TASK DETAILS: Word for word, write the records out again, but omit each picture.

Data entries:
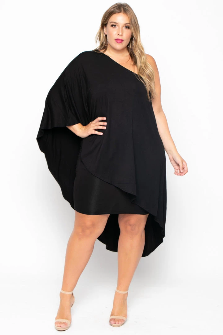 This plus size, stretch knit dress features a bodycon dress, and an attached asymmetric draped overlay.
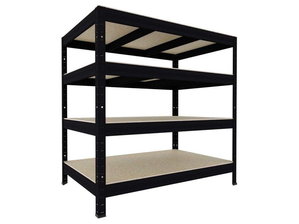 Bezšroubový regál Biedrax 35 x 120 x 90 cm, černý, 4 police OSB 10 mm, nosnost 200 kg na polici
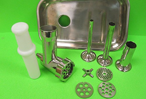 Sausage tubes have three exit diameters. 7/16' for narrow sausages like breakfast links and snack sausages. 3/4" for traditional links 1 1/4" for large sausages and fast filling of meat freezer bags. Fits old and new 4.5, 5.0, 6.0, 7.0 and 8.0 quart stand mixers including the K45SS, KS5 series, KS6 series, Artisan and Professional series. High quality polished precision stainless steel. Also fits Omcan mixers and Hobart n50, c100 mixers. This high quality stainless steel attachment is restaurant grade material and dishwashers safe. Made by Smokehouse This unit is made exclusively to fit many countertop mixers. Mounts securely into the front power drive. Parts include the cylinder, auger, ring, pan, stomper, knife and (3) grinding plates. PLUS you will receive three stainless steel stuffing tubes for sausage making and filling meat bags. Easy disassembly for cleaning. Weighs 5 lbs. Loading pan is 6" x 8". Much heavier and stronger than aluminum or plastic versions.
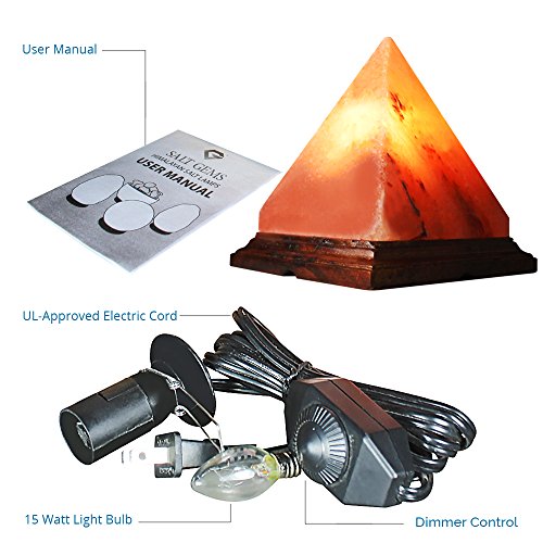 - HOME DECOR: SALT GEMS Pyramid Himalayan Salt Lamp is perfect for Home and Office decor in the day and even better at the night when its gentle glow envelops surrounding with its amber. When it is lit at night, it does create a sense of comfort and relief from fatigue and stress.
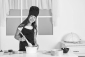 szczęśliwy dzieciak dziewczyna w gotowanie kapelusz i fartuch w kuchni, pieczenie
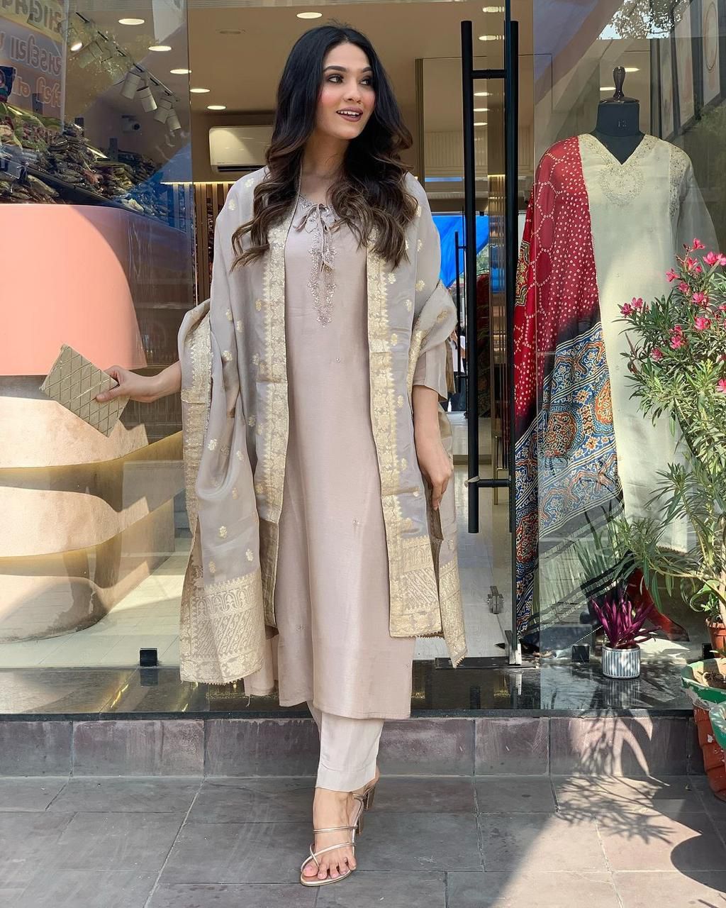 Featuring beautiful Heavy Suit Set which is beautifully decorated with intricate original handwork, Zari weaving . It is paired with matching pants and jacquard Dupatta.*
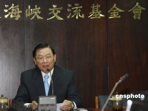 10月21日中午,臺灣;鶗麻L江丙坤召開臨時記者會,譴責(zé)暴力襲擊來臺灣進(jìn)行學(xué)術(shù)訪問的海協(xié)會副會長、廈門大學(xué)傳播學(xué)院院長張銘清。中新社發(fā) 耿軍 攝
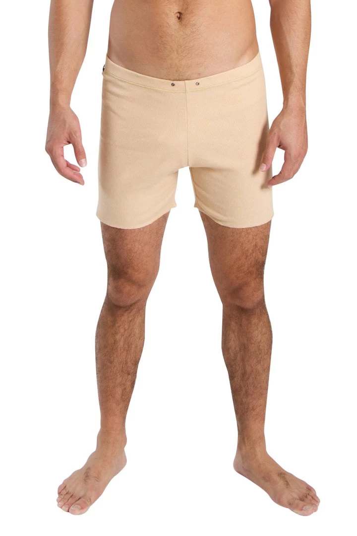 Super soft 2×1 “custom”-Modal RIB fabric is used exclusively to provide style, comfort & sleek lines — providing unlimited range of motion for vigorous exercise. Softer yet more durable than cotton, with superior moisture wicking – this short will last for years! Bamboo green thread at waistband provides contrast detail. “4” logo tab at top. “Compression” look without the tight grip… perfect for layering or covering up at the beach too!
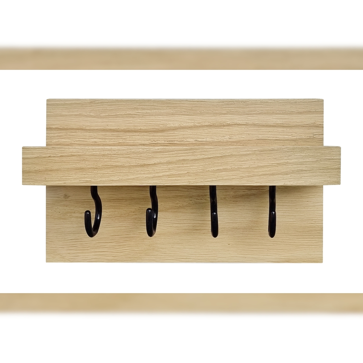 Erst-Holz Wandregal mit Haken Schlüsselbrett mit Ablage Eiche lackiert 20 u 30 cm V-40.12-11

RESPONSE TO THE TASK:
 This plus size, stretch knit dress features a bodycon dress, and an attached asymmetric draped overlay.
 Bezšroubový regál Biedrax 35 x 120 x 90 cm, černý, 4 police OSB 10 mm, nosnost 200 kg na polici
 Sausage tubes have three exit diameters. 7/16' for narrow sausages like breakfast links and snack sausages. 3/4" for traditional links 1 1/4" for large sausages and fast filling of meat freezer bags. Fits old and new 4.5, 5.0, 6.0, 7.0 and 8.0 quart stand mixers including the K45SS, KS5 series, KS6 series, Artisan and Professional series. High quality polished precision stainless steel. Also fits Omcan mixers and Hobart n50, c100 mixers. This high quality stainless steel attachment is restaurant grade material and dishwashers safe. Made by Smokehouse This unit is made exclusively to fit many countertop mixers. Mounts securely into the front power drive. Parts include the cylinder, auger, ring, pan, stomper, knife and (3) grinding plates. PLUS you will receive three stainless steel stuffing tubes for sausage making and filling meat bags. Easy disassembly for cleaning. Weighs 5 lbs. Loading pan is 6" x 8". Much heavier and stronger than aluminum or plastic versions.
 - HOME DECOR: SALT GEMS Pyramid Himalayan Salt Lamp is perfect for Home and Office decor in the day and even better at the night when its gentle glow envelops surrounding with its amber. When it is lit at night, it does create a sense of comfort and relief from fatigue and stress.
 szczęśliwy dzieciak dziewczyna w gotowanie kapelusz i fartuch w kuchni, pieczenie
 Featuring beautiful Heavy Suit Set which is beautifully decorated with intricate original handwork, Zari weaving . It is paired with matching pants and jacquard Dupatta.*
 10月21日中午,臺灣;鶗麻L江丙坤召開臨時記者會,譴責(zé)暴力襲擊來臺灣進(jìn)行學(xué)術(shù)訪問的海協(xié)會副會長、廈門大學(xué)傳播學(xué)院院長張銘清。中新社發(fā) 耿軍 攝
 Super soft 2×1 “custom”-Modal RIB fabric is used exclusively to provide style, comfort & sleek lines — providing unlimited range of motion for vigorous exercise. Softer yet more durable than cotton, with superior moisture wicking – this short will last for years! Bamboo green thread at waistband provides contrast detail. “4” logo tab at top. “Compression” look without the tight grip… perfect for layering or covering up at the beach too!
 Erst-Holz Wandregal mit Haken Schlüsselbrett mit Ablage Eiche lackiert 20 u 30 cm V-40.12-11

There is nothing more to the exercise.